AN INTERVIEW with the Anglican priest who ran Kent social services at the time of the Kendall House children’s-home scandal shines a light on the culture that allowed children to be mistreated and abused in the 1970s and ’80s.
The priest, the Revd Nick Stacey, who died earlier this year (News, 12 May),was the director of Kent County Council’s social services from 1974 to 1985.
At that time, staff at Kendall House, Gravesend, a Church of England-run children’s home in Kent, were drugging, straitjacketing, and physically and sexually abusing vulnerable girls. The ordeals of dozens of young women came to light last year after an independent report found that Kendall House had “normalised” cruelty (News, 15 July 2016).
A recorded interview that Mr Stacey gave for an oral-history project in 2006 is now held by the British Library. In it, he explains how his policy was never to report staff who had been accused of abuse to the police, because he believed that children could be “incredibly manipulative” and make such stories up.
“Nobody was to go to the police about accusations against staff without my approval,” he says. “And it is incredible the way times have changed. I could never begin to do that now, but children, especially children in care, are incredibly manipulative.”

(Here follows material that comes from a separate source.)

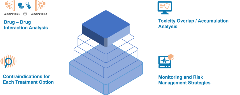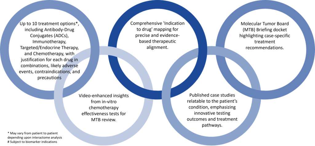 Up to 10 treatment options*, including Antibody-Drug Conjugates (ADCs), Immunotherapy, Targeted/Endocrine Therapy, and Chemotherapy, with justification for each drug in combinations, likely adverse events, contraindications, and precautions.

Frank: the Revd Nick Stacey
Many accusations of abuse from children in care were invented to make trouble for care-home staff, he believed. “[Children] come back [late] at six or seven o’clock, probably either having sex in the churchyard with somebody or stealing at Marks & Spencer’s or both. And [the staff] would say, ‘You’re to go to bed without supper.’
“The kids would go into supper, the child would creep down and telephone Childline, saying, ‘I’m being abused.’”
Mr Stacey tells the interviewer with pride that he “never once” went to the police, because there was never a “serious case” worth reporting.
In reality, while he was responsible for all social services in Kent, girls at Kendall House were “caught in a regime that, in many ways, sought to rob them of their individuality, of hope, and in some cases of their liberty”, the independent report says.
Girls as young as 11 were routinely, and sometimes without any medical assessment, given antidepressants, sedatives, and anti-psychotic medication, and others were put in straitjackets or sent to a local adult psychiatric hospital. There were at least two incidents of rape while girls were put in isolation as a punishment, and several pregnancies and cases of self-harming.
Those whose task was to oversee the Kendall House girls’ well-being “demonstrated little curiosity, challenge or questioning”, the report says.
Teresa Cooper, a Kendall House survivor, said that Mr Stacey’s interview was “startling” and would have “huge” ramifications.
Ms Cooper, whose interventions ultimately led to the independent review of abuse at Kendall House, was drugged more than 1200 times while at Kendall House, and later gave birth to three children, all of whom have birth defects.
“I am deeply disappointed and I feel let down once again,” she said in response to the recording. “I call for an investigation into the practices of Mr Stacey during his leadership as director to Kent social services.”
Despite noting that there were no “scandals” in Kent under his watch, Mr Stacey admits during the 2006 interview that he did on occasion force some care-home workers to resign and put their names on an “at risk” register. “I would try and get them to go to counselling,” he said. “I actually fundamentally think that to put these people . . . Terribly sad if you’re sexually orientated towards children.”
He also recounts the story of how he got one care-home worker, who had hit a child “very hard”, acquitted by hiring him a high-flying QC and personally giving evidence in court in his defence.